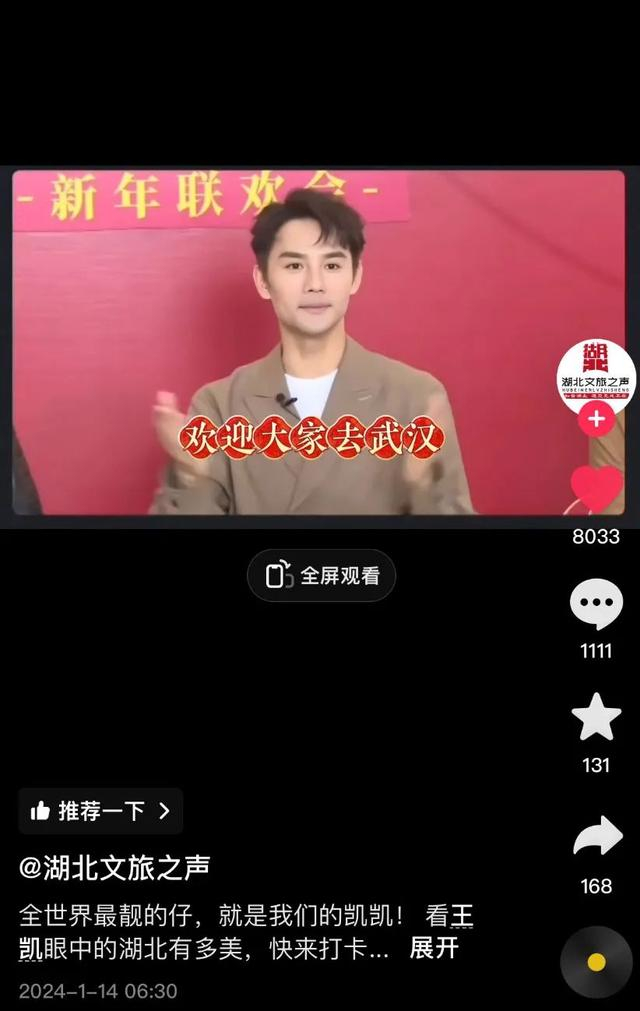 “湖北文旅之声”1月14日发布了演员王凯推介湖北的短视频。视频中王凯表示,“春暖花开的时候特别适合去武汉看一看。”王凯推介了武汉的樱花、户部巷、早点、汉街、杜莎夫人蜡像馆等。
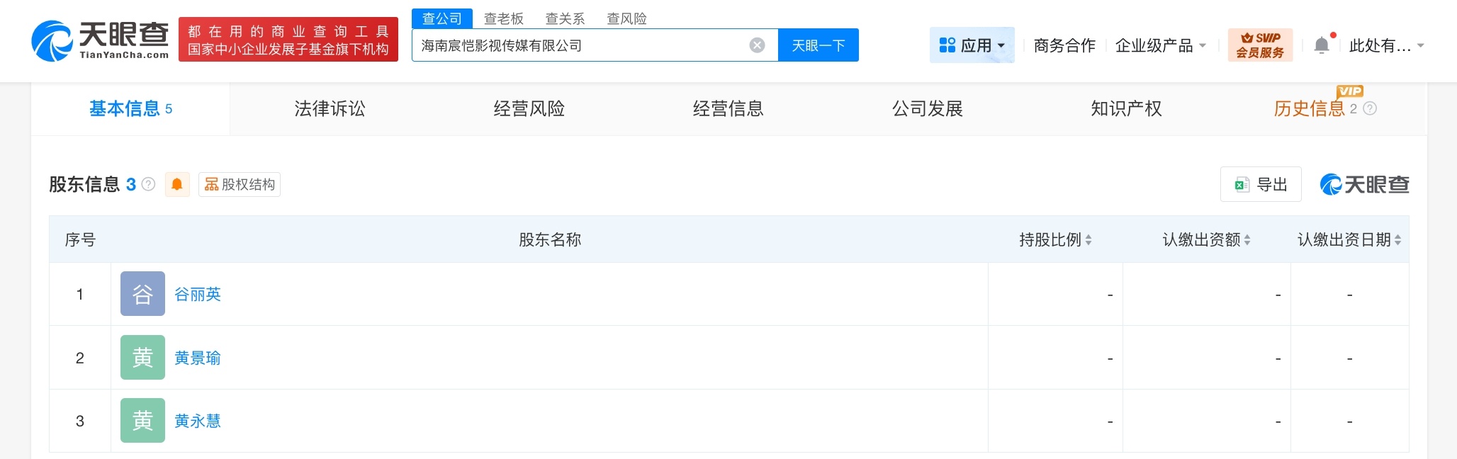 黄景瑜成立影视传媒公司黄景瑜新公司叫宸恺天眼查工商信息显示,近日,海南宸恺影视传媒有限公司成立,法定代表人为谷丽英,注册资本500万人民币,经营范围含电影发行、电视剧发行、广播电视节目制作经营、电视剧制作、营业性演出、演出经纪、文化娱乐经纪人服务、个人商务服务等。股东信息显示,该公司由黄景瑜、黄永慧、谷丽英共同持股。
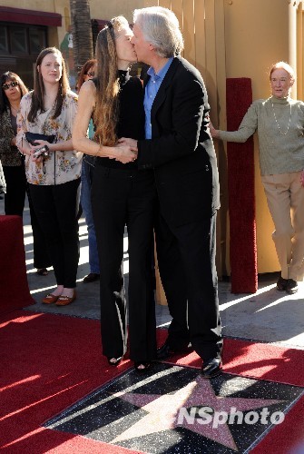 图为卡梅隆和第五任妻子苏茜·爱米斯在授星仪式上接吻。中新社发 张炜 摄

EXERCISE BRIEF »
Copy out each line of the data exactly as it reads; skip the pictures.

ANSWER TO THIS EXERCISE »
 “湖北文旅之声”1月14日发布了演员王凯推介湖北的短视频。视频中王凯表示,“春暖花开的时候特别适合去武汉看一看。”王凯推介了武汉的樱花、户部巷、早点、汉街、杜莎夫人蜡像馆等。
 黄景瑜成立影视传媒公司黄景瑜新公司叫宸恺天眼查工商信息显示,近日,海南宸恺影视传媒有限公司成立,法定代表人为谷丽英,注册资本500万人民币,经营范围含电影发行、电视剧发行、广播电视节目制作经营、电视剧制作、营业性演出、演出经纪、文化娱乐经纪人服务、个人商务服务等。股东信息显示,该公司由黄景瑜、黄永慧、谷丽英共同持股。
 图为卡梅隆和第五任妻子苏茜·爱米斯在授星仪式上接吻。中新社发 张炜 摄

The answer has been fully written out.